I think what you meant there was not that an Echo Nonce is faster (since both
require a minimum of an RTT), but that _unless likely unreasonable amounts of
RLOC Probing control traffic are used_, Echo Nonce will, on average, provide
faster notice of loss of reachability? That is also worth pointing out, done.
>> Mappings might also be discarded before the TTL expires, depending on
>> what strategies the ITR is using to maintain its cache
> And the RLOC-set can change before the map-cache entry times out.
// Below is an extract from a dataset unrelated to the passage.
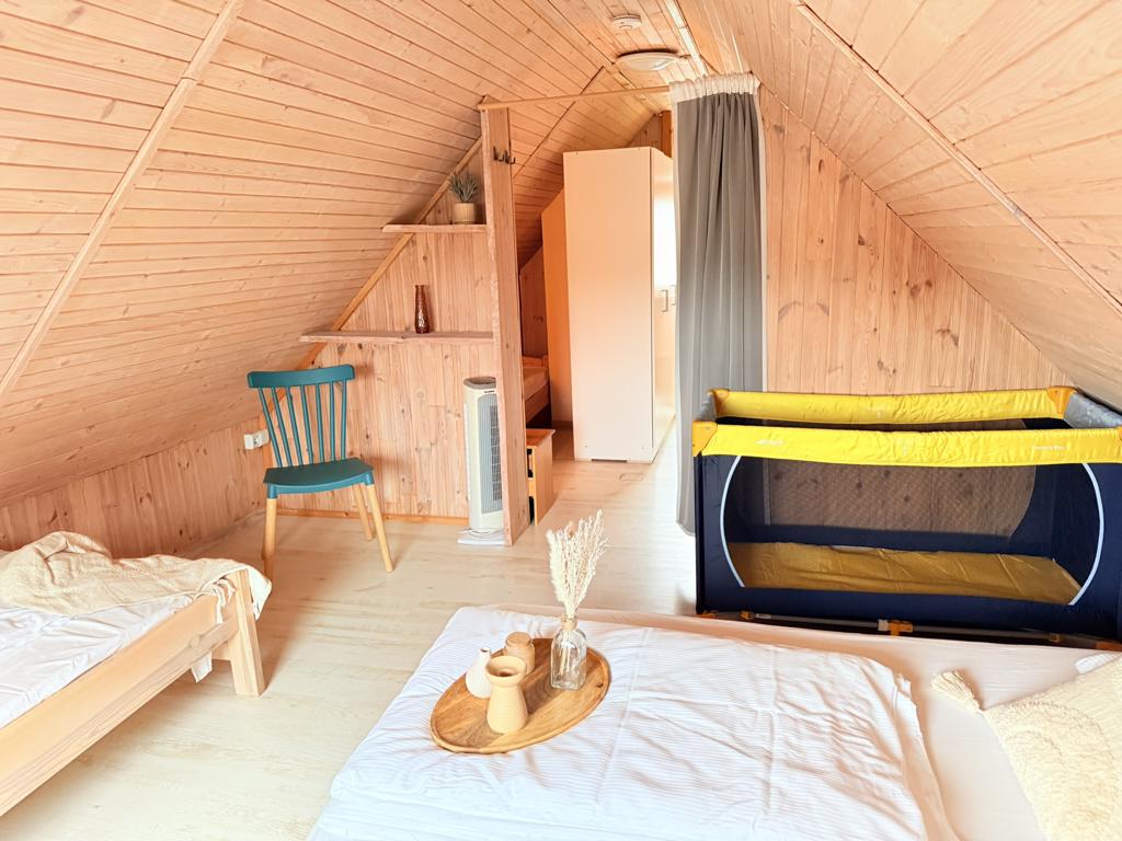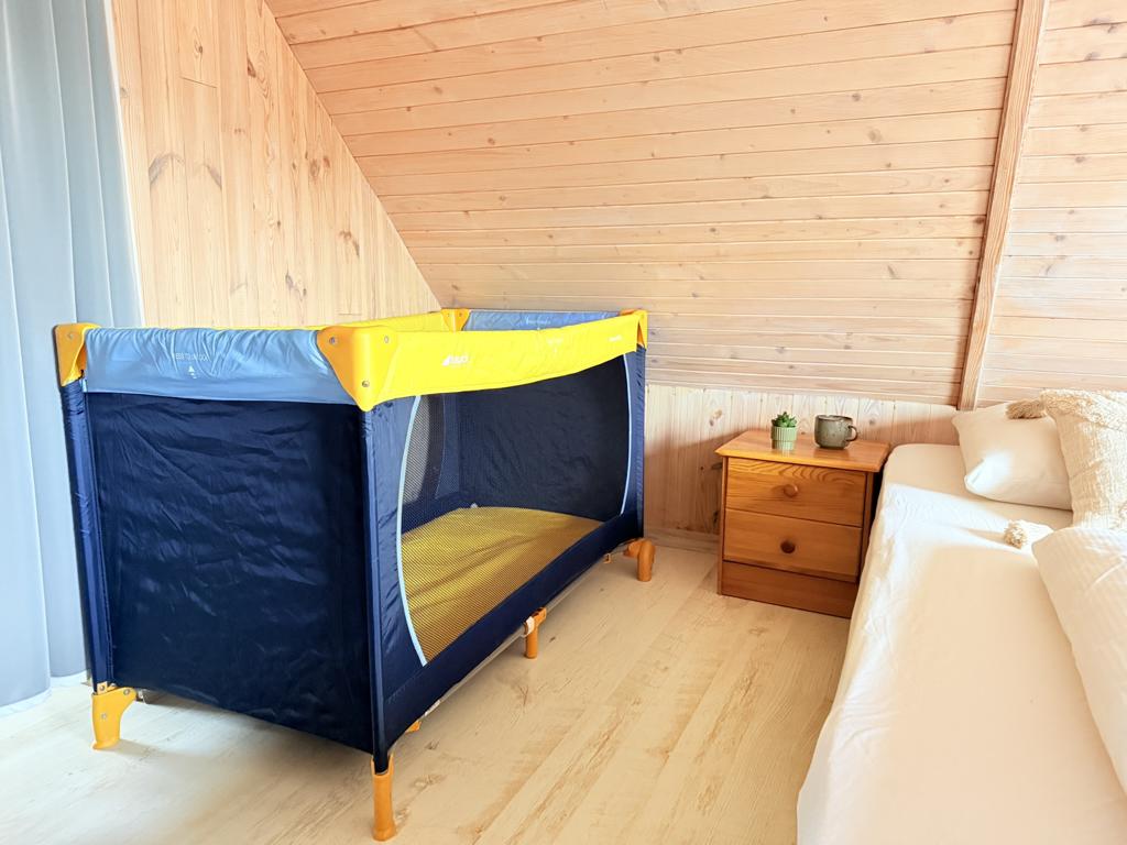 Nasze domki zostały starannie wyposażone, aby zapewnić komfortowy i przyjemny pobyt dla całej rodziny. Wewnątrz znajdziesz klimatyzację, przytulną pościel, łóżeczka dziecięce oraz komplet naczyń, dzięki czemu codzienne życie staje się wygodne i bezproblemowe.

You mean, the {EID->RLOC} mapping might change? (You're not, for instance,
talking about the LSB bits?) True, but I don't understand the relevance at
this point in the document. There is an earlier section, "Mapping Versioning",
which talks about that circumstance, and the mechanism to detect it, in
detail?
>> Very briefly, the ITR provided a One-Time Key with its query; this key
>> is used by both the MS (to verify the EID block that it has delegated
>> to the ETR), and indirectly by the ETR (to verify the mapping that it
>> is returning to the ITR).
> The ETR uses the MS's OTK to sign the block. The ETR does not know the
> ITRs OTK and doesn't verify anything. The ITR verifies the signed
> Map-Reply by generating the MS OTK from its OTK (like the MS does) and
> uses the MS OTK to verify the signature, since that was the same key the
ETR
> used.
First, yes, 'verify' is the wrong word; I have changed them to 'sign' (and
tweaked the wording for the MS slightly).
As to the rest, I'm not trying to give the full details of the mechanism in
that text (note the "Very briefly"); I'm just trying to summarize _what_ it
does, not _how_. And it does say that the ETR uses the ITR's OTK "indirectly".
>> [[X3: Spec is unclear about who reassembles; says "fragments are
>> reassembled at the destination host" but also "reassembly can
>> happen at the ETR" - I would have thought the latter was very
>> undesirable, for all the obvious reasons, unless the dest cannot
>> reassemble?]]
> Right because if a core router fragments, it is fragmenting a packet
> destined to the ETR.
Ah, right: I forgot there might be two kinds of fragmentation (at the ITR,
and by routers on the path between the ITR and ETR).
Does the latter actually happen, or are all LISP-encapsulated packets sent
with DF on? In other words, are ETRs actually supposed to be prepared to
reassemble fragmented packets which they receive?
>> To recap, the mapping system is split into an indexing sub-system,
>> which keeps track of where all the mappings are kept, and the mappings
>> themselves, the authoritative copies of which are always held by ETRs.
>> [[M0: Should we mention, somewhere, the cases where they aren't -
>> i.e. proxy map-replying?]]
> I think you could have reference proxy map-replying in the DDT example.
It seems to me that that point fits more logically in the section "Interface
to the Mapping System", which talks about Map-Requests and Map-Replies. I have
added mention of proxy map-replying there.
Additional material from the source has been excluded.